▶ [EXCERPTED RECORDS]:
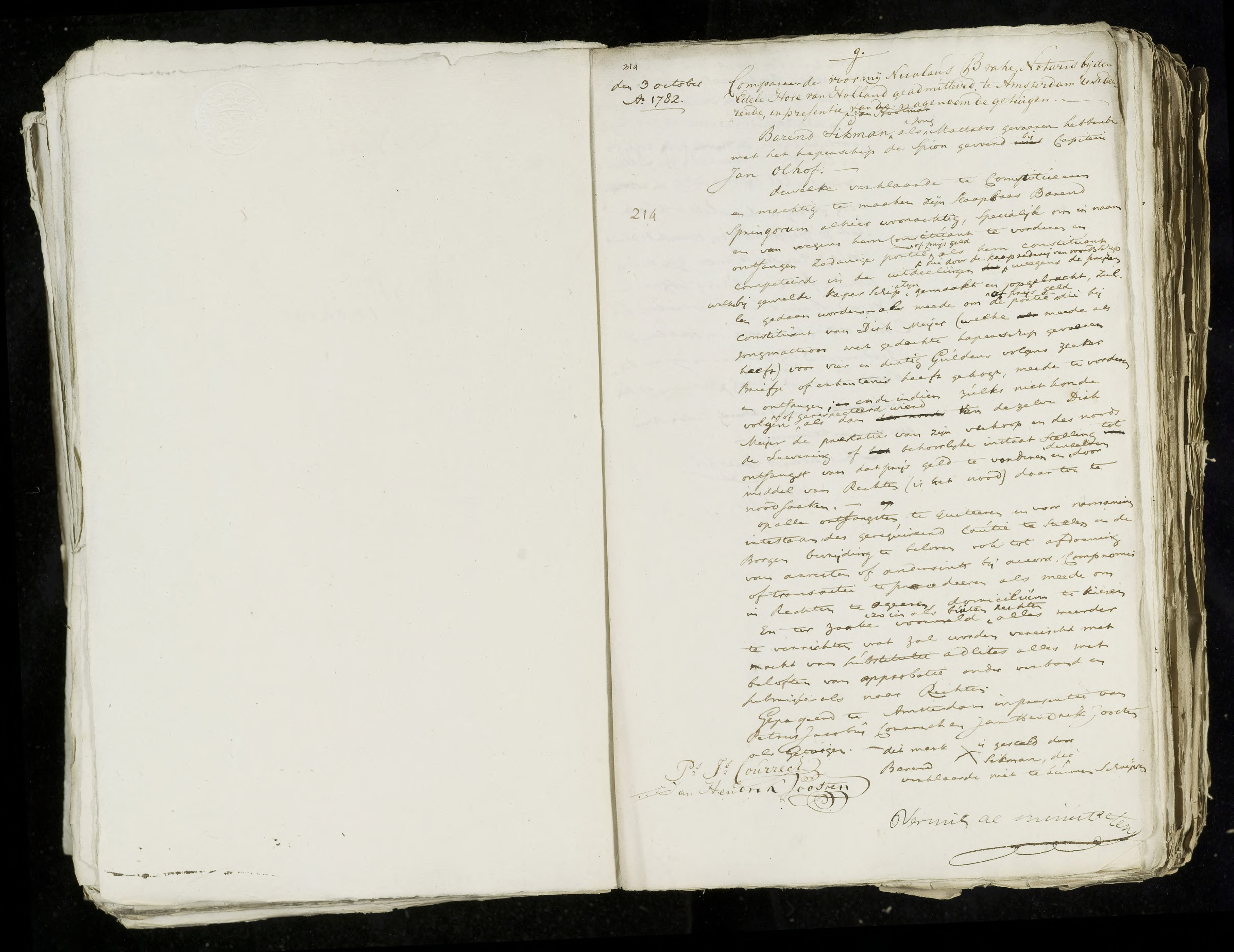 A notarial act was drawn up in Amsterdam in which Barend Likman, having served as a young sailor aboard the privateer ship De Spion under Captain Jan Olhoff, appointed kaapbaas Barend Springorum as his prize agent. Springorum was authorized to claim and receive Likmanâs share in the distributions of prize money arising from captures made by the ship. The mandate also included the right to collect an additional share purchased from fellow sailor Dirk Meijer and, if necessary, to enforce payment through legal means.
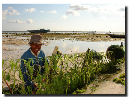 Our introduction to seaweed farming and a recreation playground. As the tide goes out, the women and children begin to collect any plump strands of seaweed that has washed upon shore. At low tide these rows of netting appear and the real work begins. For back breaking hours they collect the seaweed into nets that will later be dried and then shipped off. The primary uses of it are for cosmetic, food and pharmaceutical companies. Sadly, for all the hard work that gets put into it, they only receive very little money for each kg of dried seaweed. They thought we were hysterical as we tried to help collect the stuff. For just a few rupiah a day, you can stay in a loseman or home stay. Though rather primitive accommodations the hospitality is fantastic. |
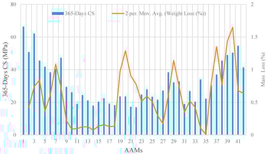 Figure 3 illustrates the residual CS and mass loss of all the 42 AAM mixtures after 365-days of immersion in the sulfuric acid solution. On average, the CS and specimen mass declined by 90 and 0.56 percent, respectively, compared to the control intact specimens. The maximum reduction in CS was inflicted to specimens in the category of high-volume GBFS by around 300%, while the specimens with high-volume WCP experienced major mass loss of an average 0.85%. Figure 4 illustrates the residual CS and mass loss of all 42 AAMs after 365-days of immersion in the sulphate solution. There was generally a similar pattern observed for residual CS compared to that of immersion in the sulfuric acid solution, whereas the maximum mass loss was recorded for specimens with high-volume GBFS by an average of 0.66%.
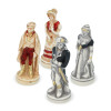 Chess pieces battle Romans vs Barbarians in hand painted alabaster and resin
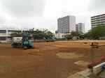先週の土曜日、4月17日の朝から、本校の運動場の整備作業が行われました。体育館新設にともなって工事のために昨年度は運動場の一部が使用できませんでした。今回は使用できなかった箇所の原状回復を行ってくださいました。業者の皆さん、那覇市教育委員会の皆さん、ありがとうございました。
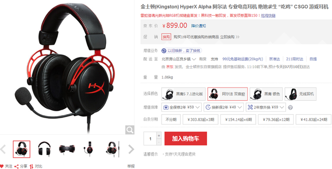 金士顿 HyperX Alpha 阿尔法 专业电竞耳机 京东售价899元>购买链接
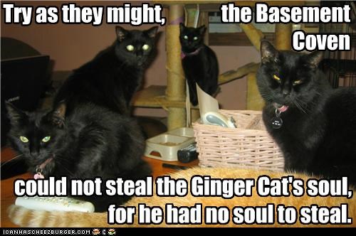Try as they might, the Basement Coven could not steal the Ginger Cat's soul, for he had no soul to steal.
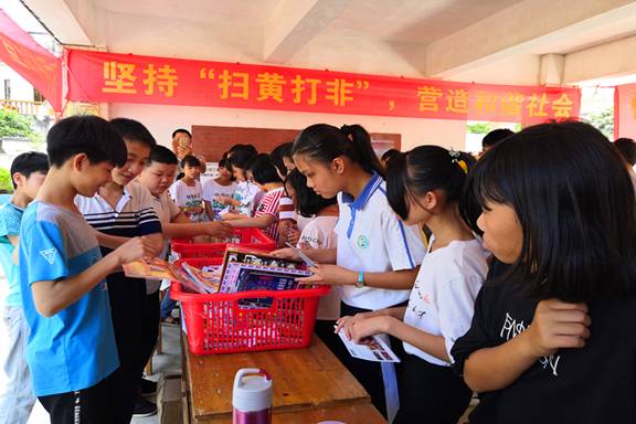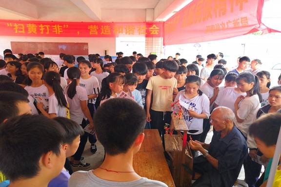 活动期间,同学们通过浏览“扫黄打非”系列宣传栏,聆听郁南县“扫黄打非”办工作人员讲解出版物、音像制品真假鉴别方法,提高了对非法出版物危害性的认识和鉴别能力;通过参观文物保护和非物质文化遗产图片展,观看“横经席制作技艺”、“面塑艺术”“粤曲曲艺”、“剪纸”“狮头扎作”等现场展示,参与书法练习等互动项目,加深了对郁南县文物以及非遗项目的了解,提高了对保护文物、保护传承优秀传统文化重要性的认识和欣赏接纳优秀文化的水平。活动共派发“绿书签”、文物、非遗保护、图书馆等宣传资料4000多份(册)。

==

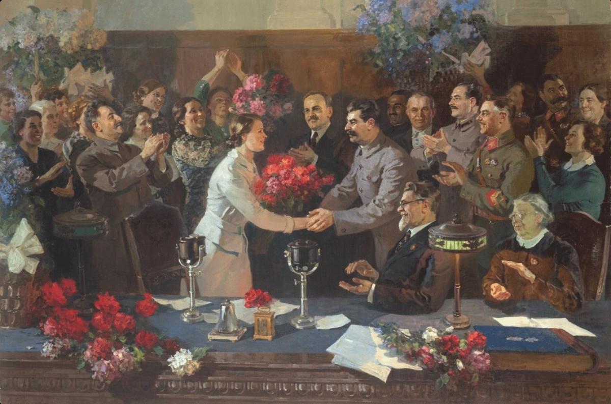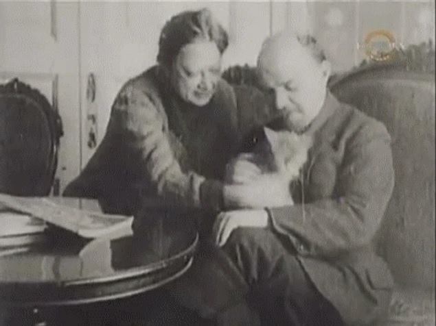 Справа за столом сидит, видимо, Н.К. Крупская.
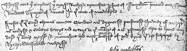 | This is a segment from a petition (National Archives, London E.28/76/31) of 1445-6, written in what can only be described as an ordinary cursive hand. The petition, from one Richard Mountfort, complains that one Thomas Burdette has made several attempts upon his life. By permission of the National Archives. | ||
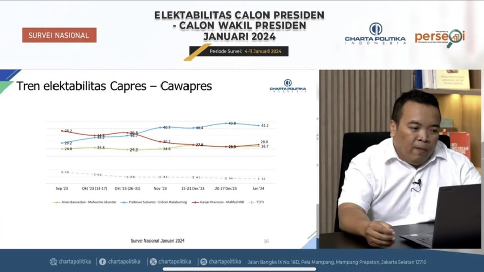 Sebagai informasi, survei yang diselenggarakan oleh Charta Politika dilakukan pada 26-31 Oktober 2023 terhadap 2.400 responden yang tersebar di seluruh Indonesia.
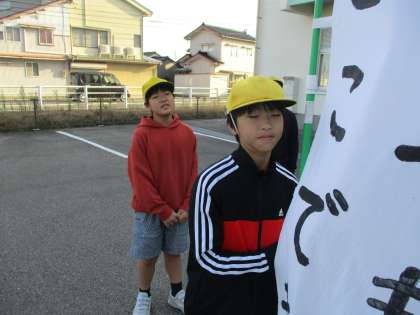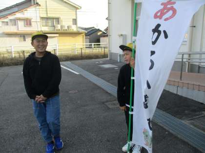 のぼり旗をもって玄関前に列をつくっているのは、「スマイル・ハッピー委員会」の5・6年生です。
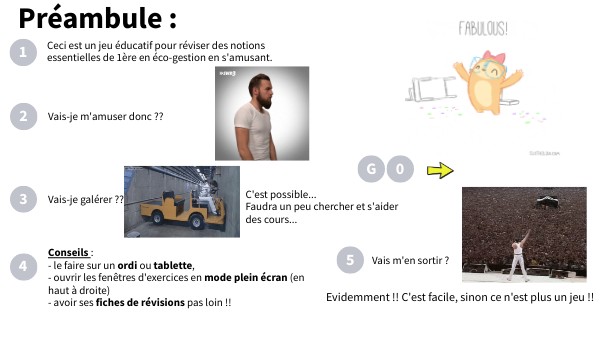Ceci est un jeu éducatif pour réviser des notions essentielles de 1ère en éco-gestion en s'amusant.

▶ [TASK GOAL]:
What you return must match the lines above from the one with "のぼり旗をもって玄関前に列を" through the one with "Ceci est un" exactly, with both ends included and the pictures excluded.

▶ [EXERCISE RESPONSE]:
 のぼり旗をもって玄関前に列をつくっているのは、「スマイル・ハッピー委員会」の5・6年生です。
Ceci est un jeu éducatif pour réviser des notions essentielles de 1ère en éco-gestion en s'amusant.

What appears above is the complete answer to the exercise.